Our true, spiritual self, the being who is God’s very own expression, can’t be separated from good and doesn’t include anything that isn’t good. As we read in the Bible, “Neither death, nor life, nor angels, nor principalities, nor powers, nor things present, nor things to come, nor height, nor depth, nor any other creature, shall be able to separate us from the love of God” (Romans 8:38, 39).

So what had happened? I’d been fooled into identifying with self-doubt as though it were an aspect of my nature. But my true being as the child or offspring of God—naturally endowed only with goodness—was completely Godlike. The feelings of inadequacy had come from a misunderstanding of who I am. Inadequacy had never actually been part of me and is never part of any of us, God’s perfectly complete creation. In cheating, I had not been acting in accord with the reality of my true being.

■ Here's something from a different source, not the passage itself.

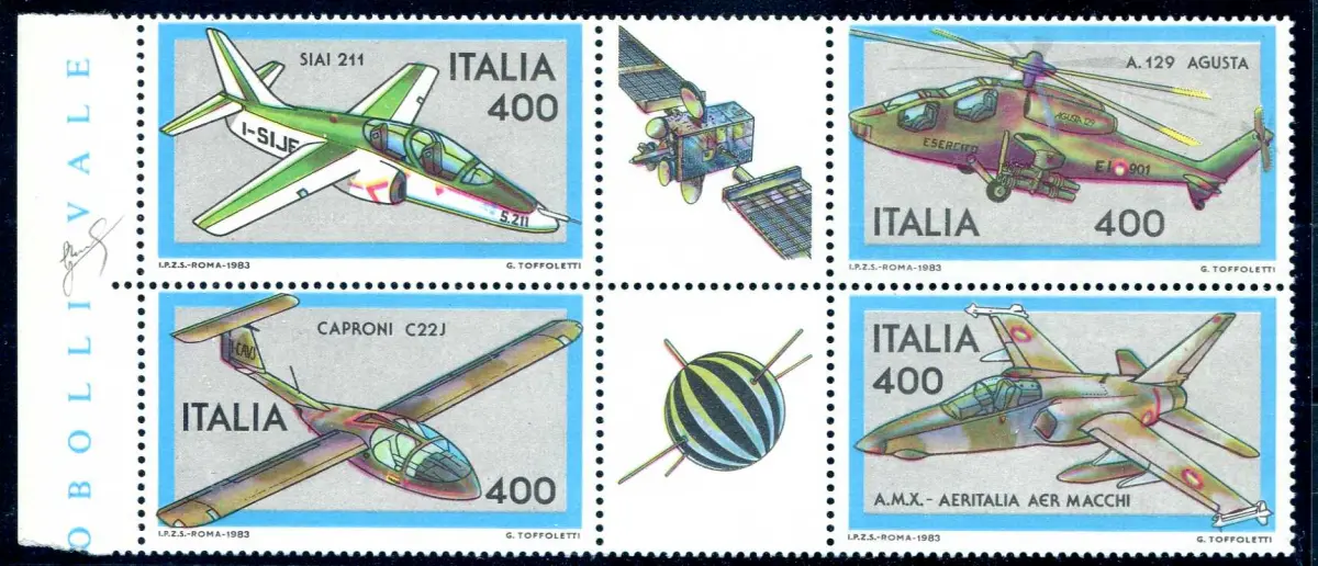 Vollgummi - Luftfahrtkonstruktionen Nr. 1632/1635 die Blockserie mit deutlich schwächerem Rotdruck als normal - Cert. G. Biondi Code 795/3

Although in that moment I didn’t fully comprehend my inherent spiritual and complete nature as the expression of God, good, the power of this truth began to permeate my consciousness. I saw there was no wiggle room for error, that we are all God’s perfect reflection, and that this meant I could demonstrate honesty, intelligence, forthrightness, goodness. 

This insight, like the morning dawn, emerged gradually and irresistibly in my thought. The mesmerizing fear of not being able to measure up, and the sense that I needed to act dishonestly (that was engendered by this false view), began to lift.

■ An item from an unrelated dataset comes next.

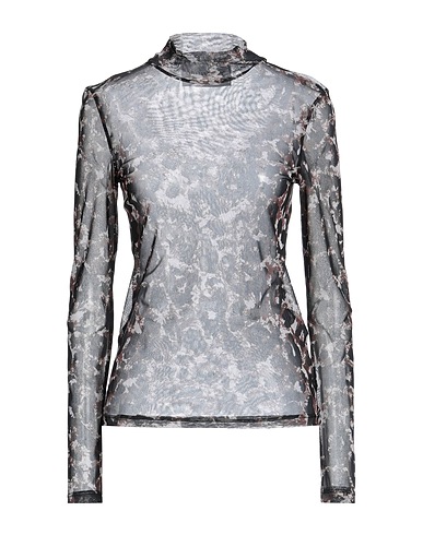 футболка с рисунком, тюль, разноцветный узор, логотип бренда, высокий воротник, длинные рукава
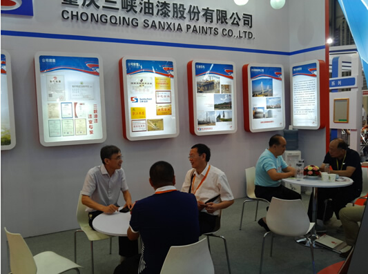 2015年中國國際涂料博覽會暨第十八屆中國國際涂料展覽會期間,渝三峽的展臺設計大氣清新,重點突出低碳環保理念。渝三峽通過展示歷史沿革、產品展示、產品優勢、業績展示等板塊充分展示了公司的發展變化和取得的輝煌成就。現場專業觀眾特別對渝三峽的水性工業漆產品表現出極大的興趣,不僅觀看樣品、索取資料,還與公司技術人員進行了深度交流,公司技術人員的專業講解得到了現場觀眾的認可和贊同。

Science and Health states, “Honesty is spiritual power” (p. 453). I felt this strength rising up within me. The clarity I was gaining about who man truly is, and our absolute ability to live in accord with this spiritual identity, brought with it the moral courage to face up to what I’d done.

My first step was to come clean with my professor. I called and asked to see him. I said I realized what I’d done was wrong, and made no excuses. He explained that I had violated the college’s code of conduct and could be expelled. Somehow the possibility of this extreme outcome hadn’t occurred to me, but I knew the most important thing right then was to act in accord with—to be true to—who I was as God’s likeness.

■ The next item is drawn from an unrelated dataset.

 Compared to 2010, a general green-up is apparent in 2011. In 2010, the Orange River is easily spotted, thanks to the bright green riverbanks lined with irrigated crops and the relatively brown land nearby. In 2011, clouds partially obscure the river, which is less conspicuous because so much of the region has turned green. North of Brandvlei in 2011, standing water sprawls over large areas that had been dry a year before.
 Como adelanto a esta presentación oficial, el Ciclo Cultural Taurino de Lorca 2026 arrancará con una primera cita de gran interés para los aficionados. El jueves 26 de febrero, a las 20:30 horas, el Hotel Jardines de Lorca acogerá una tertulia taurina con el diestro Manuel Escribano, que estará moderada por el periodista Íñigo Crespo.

I felt deeply humbled by this opportunity to turn to God to learn more about what He knew me to be and to express qualities such as honesty and humility. Then, the professor said that he knew I’d learned a valuable lesson and recommended I stay in school.

As I walked back to my dorm, I was grateful to the professor for seeing and respecting my sincere desire to be honest and forthright. But more than this, I felt sobered by the huge spiritual lesson I had learned: My only identity is in how God made me—spiritual, with integrity, perfect.

The spiritual insights I gained from this experience, learning more about what it meant to “be myself,” supported me through the whole year as I continued to learn and grow. I excelled in a couple of classes, and several new friendships developed. Later, I felt impelled to return to my home state, where I graduated from a prestigious university. There, too, what I had learned enabled me to be a more contributing member of the campus community—including joining the Christian Science Organization (CSO). Bringing a standard of honesty and reliance on God strengthened both my academic work and the CSO’s efforts to bless the wider campus community.

So what does it mean to “be oneself”? I began to learn—and am still learning—that it starts with knowing who we are. We may sometimes feel inadequate, but Christ Jesus’ life showed what is possible for everyone to know and put into practice in our lives—that as the child of God, Spirit, we’re each endowed with Christly qualities and capacities that are the actual substance of all true being. Our Christlike nature means we include all we need within ourselves as God’s likeness, and this understanding impels us to be and do good. 

When we define who we are on human performance or on what others think of us, we may not act in accord with our true nature; but when we are clear about our identity as God’s, Spirit’s, loved idea, we realize we have the courage and ability to be true to who we are, to what God naturally made us to be.